Founders: Albert and Frances Lundberg Established in: 1937
Products: More than 200 products featuring 18 varieties of rice
Availability: U.S. and Canada at natural food stores, conventional supermarkets, and club stores Ownership: Family-Owned
Annual Revenue: Undisclosed, but rumored to be upwards of $50 million

AS WITNESS TO the devastating effects of the Dust Bowl—a result of poor soil management and shortsighted farming methods in the 1930s—farmer Albert Lundberg knew he’d have to do things differently when he and wife
Frances moved to California in 1937. Originally from Nebraska, the couple had learned the hard way the need to understand and respect the soil. Moreover, they were determined to pass that respect down to their four young boys. Albert began growing organic rice in the fertile Sacramento Valley using sustainable, ahead-of-its-time farming practices; all the while, he was teaching his children his personal philosophy: “Leave the land better than you found it.”

By the 1960s, those Lundberg sons—Eldon, Wendell, Harlan, and Homer—recognized they had something unique with their family’s eco-farmed rice. Rather than selling it to food companies that would simply mix it with conventionally grown rice, the brothers decided instead to sell it directly to the public. In turn, the Lundbergs built a mill with the intention of giving people a choice in their rice purchases…and the Lundberg Family Farms brand was born.
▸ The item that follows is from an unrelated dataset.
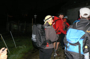 Um 03:00 Uhr hatten wir den Grat überstiegen und erklommen die letzten Metern hinauf auf den Heimgarten (1790m). Auf der dortigen Heimgartenhütte gab es gegen 03:30 Uhr als Nachtmahl eine etwas seltsame, aber in ausreichender Menge

Today, the third and fourth generations carry on the Lund- berg legacy. A leader in organic and sustainable farming prac- tices, the Lundbergs use eco-positive methods on their nearly 6,000 acres of land. (A carefully selected network of farmers grows Lundberg rice on an additional 12,000 acres.) About 75% of the brand’s more than 200 products are made from certified organic rice. And Lundberg Family Farms’ products are non-GMO, and were even among the first branded products to be officially Non-GMO Verified. Each step is just one more way the newer generations carry on the philosophy handed down to them. After all, finding ways to improve the land and protect the environment isn’t just their way of life; it’s in their DNA.